Story of a front-end server aka a gateway server, a routing server

For Fitbit, needed because a monolith needed to be broken up [i.e. the way microservices need routing]

Fitbit Frontend Server Responsibilities

Route traffic
Validate traffic
Shape traffic

4 Important Properties (in order of importance-ish)

Transparent
- extensive, quality metrics
- easy to reason about internal workings
Stable
- not crash
- robust to malicious requests
- robust to high traffic (e.g. shed traffic)
Fast
- minimal overhead
- predictable performance
- mitigate slow backend
Extensible
- small, easy to understand, easy to change, adapt
- yet change should make it hard to violate other 3 properties
- i.e. “indicate how it’s meant to be changed”

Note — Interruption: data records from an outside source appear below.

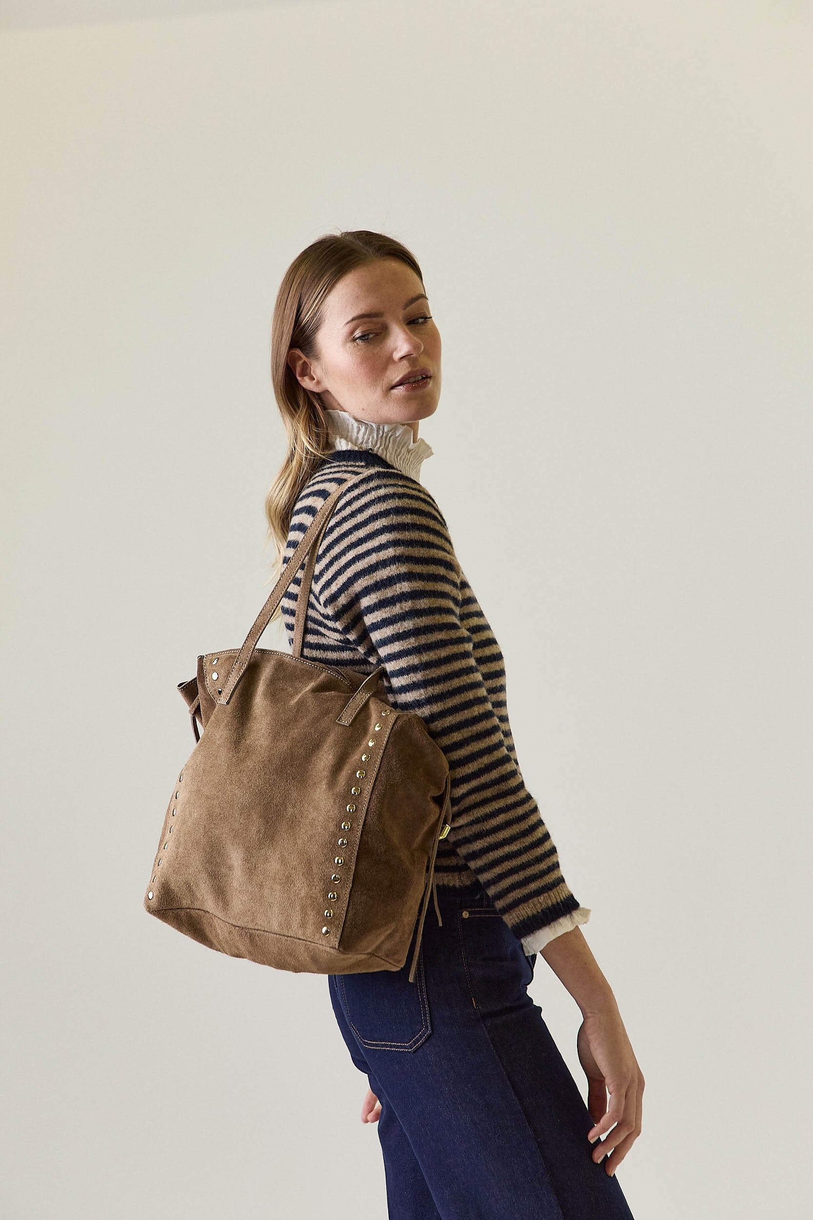 Bolso tote en ante topo con diseño estructurado y detalle de tachas doradas a ambos lados. Cuenta con asas largas para llevar al hombro y tiras laterales que aportan un acabado actual y sofisticado.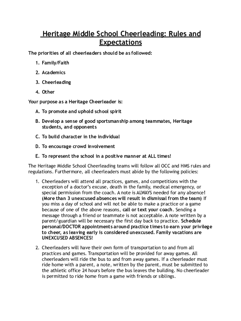 Heritage Middle School Cheerleading: Rules and Expectations The priorities of all cheerleaders should be as followed: 1. Family/Faith 2. Academics 3. Cheerleading 4. Other Your purpose as a Heritage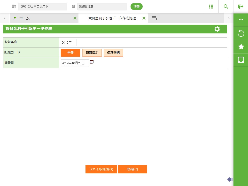 年末利子引落月に、元金均等法返済の利子額をメディア(MT・FD)へ出力します。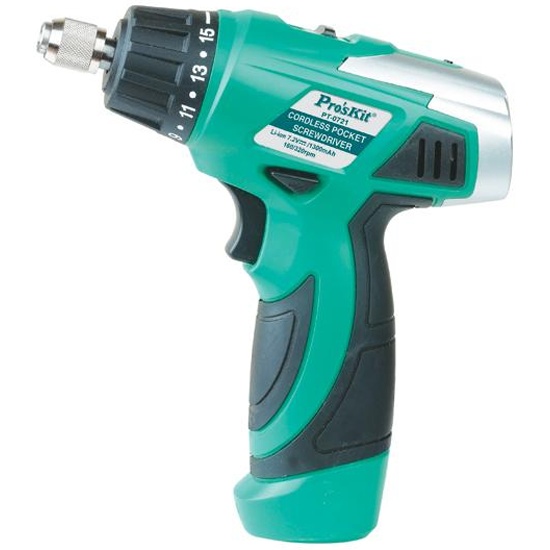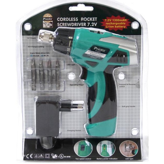 Шуруповерт аккумуляторный Pro'sKit PT-0721F, Две скорости : 0-200 об/мин / 0-400 об/мин, питание 7,2В/1,3Ач, Li-Ion, Максимальный выходной крутящий мо Proskit PT-0721F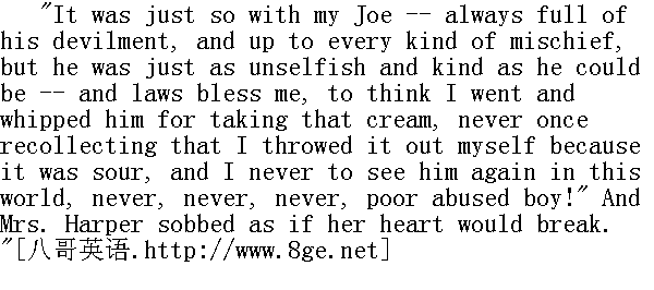 我的乔也正是这样--调皮捣蛋,凡是淘气的事,他都占上。可他不自私,心眼好。天哪!想起揍他的事,我就难过。我以为他偷吃了奶酪,不分青红皂白地拿鞭子抽了他一顿,压根没想到是奶酪酸了,我亲手倒掉的。好了,这下子,我别想活着见到他了,永远、永远、永远也见不着了。这个可怜的、受尽虐待的孩子啊!"接着哈帕太太似乎伤心至极,哽咽着,泣不成声。 "I hope Tom's better off where he is," said Sid, "but if he'd been better in some ways --" " 我希望汤姆现在活得很快活,"希德说,"不过他以前有些事干得不怎么样……" "Sid!" Tom felt the glare of the old lady's eye, though he could not see it. "Not a word against my Tom, now that he's gone! God'll take care of him -- never you trouble yourself, sir! Oh, Mrs. Harper, I don't know how to give him up! I don't know how to give him up! He was such a comfort to me, although he tormented my old heart out of me, 'most." " 希德!"汤姆尽管看不清,但却感觉到老太太是瞪着眼睛在跟希德讲话。"汤姆已经走了,不许你再说他一句坏话!有老天爷照顾他--用不着您来操心,我的先生!哦,哈帕太太,我简直不知道怎样才能忘掉他!我简直不知道怎样才能忘掉他!虽然他从前常折磨我这颗衰老的心,但他毕竟也给了我极大的安慰啊。" "The Lord giveth and the Lord hath taken away -- Blessed be the name of the Lord! But it's so hard -- Oh, it's so hard! Only last Saturday my Joe busted a firecracker right under my nose and I knocked him sprawling. Little did I know then, how soon -- Oh, if it was to do over again I'd hug him and bless him for it."" 上帝把他们赐给我们,又把他们收回去了,--感谢上帝!可这太残酷了--啊,实在让人受不了!就在上星期六,我的乔在我面前放了个炮竹,我就把他打趴在地上。谁知道这么快他就……啊,要是一切能从头再来一次,我一定会搂着他,夸他干得好。" "Yes, yes, yes, I know just how you feel, Mrs. Harper, I know just exactly how you feel. No longer ago than yesterday noon, my Tom took and filled the cat full of Pain-killer, and I did think the cretur would tear the house down. And God forgive me, I cracked Tom's head with my thimble, poor boy, poor dead boy. But he's out of all his troubles now. And the last words I ever heard him say was to reproach --" " 是啊,是啊,是啊,我理解你的心情,哈帕太太,我完全理解。就在昨天中午,我的汤姆逮住猫给它灌了很多止痛药,当时我认为这下子它会把家给毁掉。真是对不起老天爷,我拿顶针敲了汤姆的头,可怜的孩子,我那可怜的短命的孩子啊。不过,现在他总算从万般烦恼中解脱出来。我最后听见他说的话就是责备我……"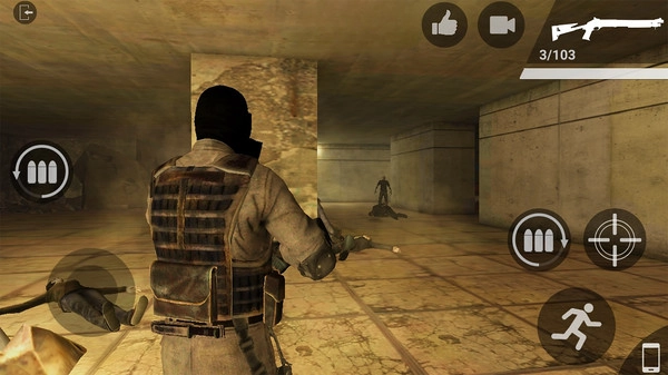 3.左下角的圆形虚拟摇杆可用于控制移动和转向,右侧的射击键与奔跑键需配合操作,当靠近目标点时便能进行互动,无论是战斗还是探索都更为顺手。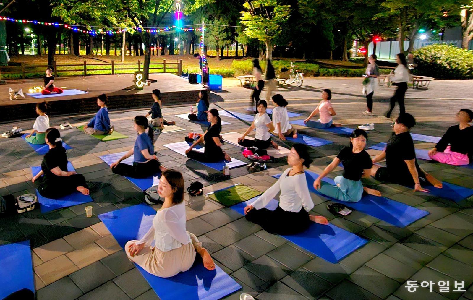 26일 시민들이 경기 부천시 부천중앙공원 원형 마당에서 열린 ‘부천 선셋 요가’ 프로그램에 참여해 야경을 배경으로 요가를 즐기고 있다. 부천 선셋 요가는 매주 금요일, 부천시청 잔디광장, 웹툰 융합센터 로비 등에서 11월 7일까지 진행된다. 참여 신청은 네이버 스마트스토어 ‘나들이 요가’를 통해 예약할 수 있다.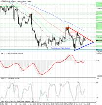 Обратив внимание на 4х часовой график можно заметить, что на нем 'вырисовался' симметричный треугольник, за рамки которого не выходят торги...
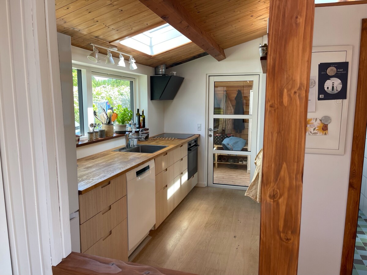 Ruim zwart blokhut met witte ramen en klassieke Deense designmeubels. Hoofdslaapkamer en 2 kamers allemaal met comfortabele bedden. Gerenoveerd en bijgewerkt in 2020-2025 incl. keuken en badkamer. Mooie tuin met gazon ideaal voor croquet of zelfs golftraining (putting)! Vaatwasser en tv. Wifi. Nespresso Pixel koffiezetapparaat voor capsules. Buitenfaciliteiten voor het schoonmaken van pas gevangen vis.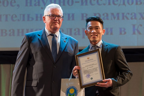 近日,白俄罗斯教育部在共和国图书馆礼堂举行“优秀中国留学生及在白突出教育工作者”颁奖典礼活动,中华人民共和国驻白俄罗斯共和国大使崔启明、白俄罗斯教育部长伊戈尔·瓦西里列维奇·卡尔边科、以及中白双方教育工作者代表、中国在白留学生代表共计约一千五百余人参加颁奖活动。来自岭南师范学院体育科学学院的王丽颖、陈浪、唐秋贤、邱广伟、雷汉杰、余嘉良、尤举梁、胡炳怡、任杰等9名留学生受到嘉奖,被白俄罗斯教育部授予“优秀中国留学生”称号,白俄罗斯教育部部长伊戈尔·瓦西里列维奇·卡尔边科先生为获奖留学生颁奖。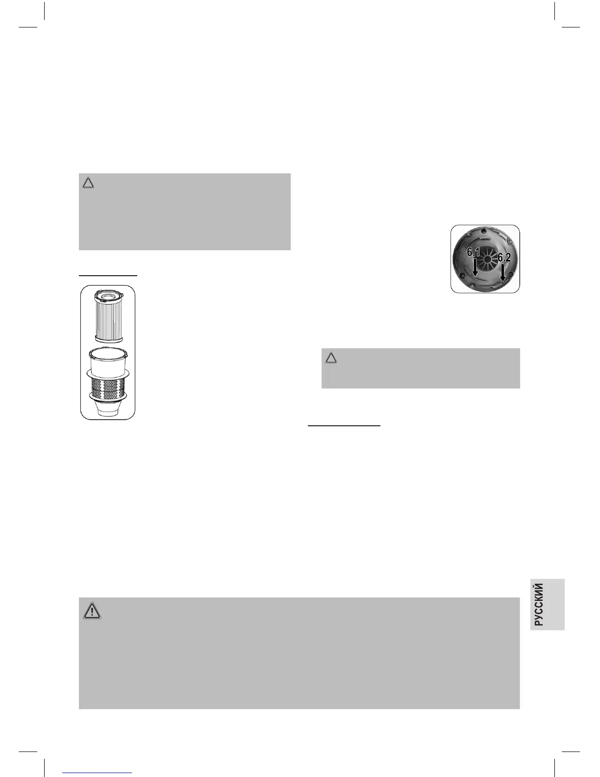 4. Закройте крышкой выпускной фильтр. Поворачивайте

System Design: Looking at the Extremes

Consider:
- What extremes should the system handle e.g. peak req/sec
- What should the system do when going above/under the extremes

Frontend Uses Async: Issues

Faster, more throughput
Less transparent
- no immediately obvious stack traces
- no easy-to-reason about single thread of execution
Less extensible
- callbacks everywhere, less obvious for newcomers to reason about

Adding Transparency: State Machine & Passports

Possible code paths are represented on a FSM-like diagram

Code stamps a passport-object that maps to the diagram

Requests in Queues and Handling: Latency, Throughput, Resource Usage

Somewhat conflicting possible optimizations: - resource usage - make sure no resource is idle, min resources - latency per request - all requests get served immediately - throughput - volume but not necessarily low latency though

Load Balancing Techniques

Goal: - Minimize latency - Distribute work - Deal with workers that are unpredictably slow

Round Robin:
- simple, predictable
- slow workers gets as many requests as fast workers
  - amplifies slowdowns
Least In-Flight:
- keeps track of queued requests per worker
  - least busy gets next request
- more complex, less transparent, more overhead
- great: slow worker gets few requests
- bad: fast worker can just mean rapid erroring out
  - amplifies requests erroring out as all traffic is sent to erroring out worker
Least In-Correct-Flight
- also keep track of worker errors
- don’t entirely starve erroring servers

Important Metrics

"You improve what you measure"
Or
"Everything you ignore get worse"

p999 Overhead
- introduced by frontend server e.g. GC, computing routing
request rate
error rate

Lessons Learned

Articulate goals and prioritize
Model extremes of the system, decide on behavior
Choose metrics